The movie isn’t really about East vs. West, though. It’s about Billi, and how this experience changes her. She starts the movie more concerned with her own needs than anyone else’s when she learns her grandmother is dying.

By the time we get to the heart of the screenplay, the lesson Billi’s finally just about ready to accept is one of putting her loved ones’ needs before her own.

How The Farewell builds its case

So how does the movie make the argument that considering the family’s needs is the way to a happier, healthier life?

Well, as mentioned, we start with a protagonist who needs this lesson. It’s worth noting here that Billi’s is not a big, 180-degree transformation. But “bigger” doesn’t necessarily equal “more meaningful” when it comes to character arc. A small transformation in your story might be just as powerful because we all know how hard it can be to change.

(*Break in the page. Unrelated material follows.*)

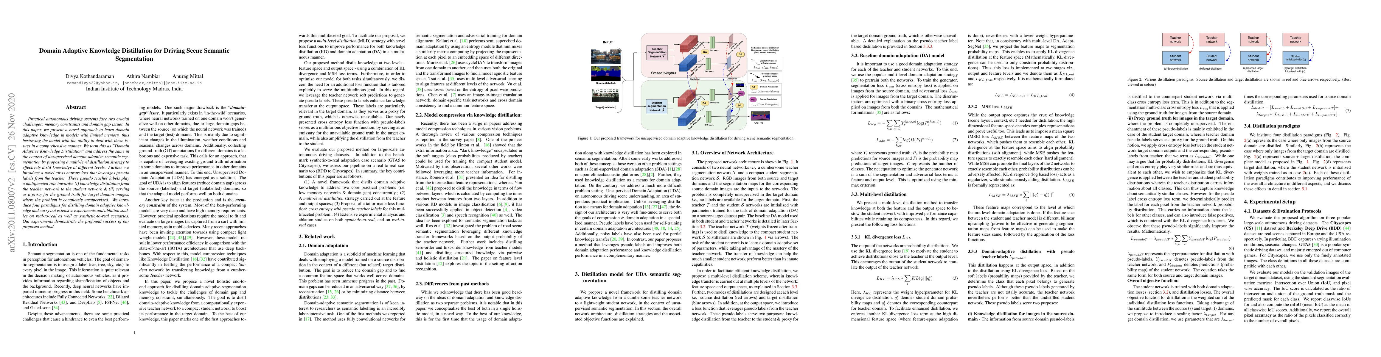 Practical autonomous driving systems face two crucial challenges: memory constraints and domain gap issues. In this paper, we present a novel approach to learn domain adaptive knowledge in models with limited memory, thus bestowing the model with the ability to deal with these issues in a comprehensive manner. We term this as "Domain Adaptive Knowledge Distillation" and address the same in the context of unsupervised domain-adaptive semantic segmentation by proposing a multi-level distillation strategy to effectively distil knowledge at different levels. Further, we introduce a novel cross entropy loss that leverages pseudo labels from the teacher. These pseudo teacher labels play a multifaceted role towards: (i) knowledge distillation from the teacher network to the student network & (ii) serving as a proxy for the ground truth for target domain images, where the problem is completely unsupervised. We introduce four paradigms for distilling domain adaptive knowledge and carry out extensive experiments and ablation studies on real-to-real as well as synthetic-to-real scenarios. Our experiments demonstrate the profound success of our proposed method.

The plot then forces this character to challenge her old way of thinking. You always want a logical match between your protagonist and the plot, as we’ve discussed before. So this girl who is grieving the impending loss of her grandmother and has an instinct to express that grief and share her feelings for her, is challenged to keep it to herself – to lie, even, to her beloved grandmother in order to spend precious time with her.

Throughout Act 2, Billi navigates the “good lies” – those she tells to make her parents or grandmother happy and protect them from worry, the little performances everyone puts on for each other, the toll this can take, as well as some truths that come out and the hurt that can follow.

And as she encounters these plot events, she struggles to determine what she believes and which is the right way to handle things. Should we lie to each other, if the intentions are good — if we’re saving each other worry, or allowing each other to be happy? Is it our decision to make? Is honesty just a strategy to not bear responsibility for others?

The protagonist is convinced. Are you?

When we reach the heart of the screenplay, her uncle lays it on the table:

“In America, you think one’s life belongs to oneself. But that’s the difference between the East and the West. In the East, your life is part of a whole. Family. Society.”

Being part of a family means taking on some responsibility for each other. Maybe the lies aren’t the right way to go, but considering others is. We do what we can for our loved ones.

The argument has been made, and Billi must choose her path forward.

In Act 3 we see Billi act on this lesson. She has accepted its value and takes action to keep the lie going, giving her grandmother as happy of a final visit as she can.

Want to see the heart of The Farewell for yourself?

Download the script here and pay special attention to the argument the script builds. Check out the moment when Billi’s uncle spells it out for her — the heart of the screenplay. Watch how Billi acts on that lesson.

Then, flex those muscles! Test your skills on another script and see if you can identify what lesson the story is arguing for and how it’s crystallized at the heart of the screenplay.